As William Flook reports in today’s Examiner, John D. Thomas, director of Metro’s major capital projects warned Dulles Rail project director Charles “Sam” Carnaggio in a Jan. 16 letter that MWAA’s failure to address dozens of technical problems — many dealing with power sources at the heart of the project — suggests “that MWAA is not interested in [their] timely resolution.” Kaine knew about this serious intra-agency dispute because FTA Administrator James Simpson described it in a Jan. 24 letter, saying federal officials are “concerned about potential conflicts between MWAA, as the sponsor and constructor, and [Metro], as the ultimate owner-operator and the authority on technical standards for the project.” Simpson warned Kaine that FTA has previously seen firsthand how such conflicts in other transit projects — i.e., Boston’s Big Dig — increase “risks of cost escalation and schedule delays.” Kaine’s failure to tell WTOP’s large listening audience about this problem is yet another example of the official double talk that has characterized the Dulles Rail project from the beginning.
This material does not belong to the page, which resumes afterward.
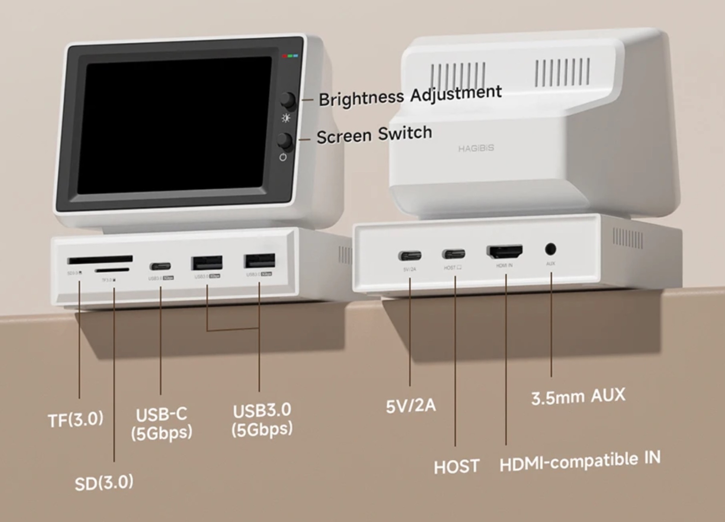 Oltre ad espandere le porte del computer è infatti dotato di uno schermo (è da pannello IPS da 3,5 pollici con risoluzione Full HD in 3:2) attraverso cui estendere una parte delle azioni che normalmente si svolgono sul computer collegato.

Fairfax County Supervisor Gerald Connollyhas contributed his share of double talk. It’s clearly time to take another look at bus rapid transit (BRT). But Connolly disingenuously said Monday that BRT has been “looked at thoroughly.” Actually, Fairfax County was eligible for a federal New Starts demonstration BRT project in 1999 that would have paid 90 percent of the cost of extending BRT from the West Falls Church Metro station to Dulles Airport. But special interests in Tysons Corner and their friends in state and local government hijacked that effort and morphed it into Dulles Rail. Had they accepted federal funding then, passengers would be riding BRT to and from the airport today.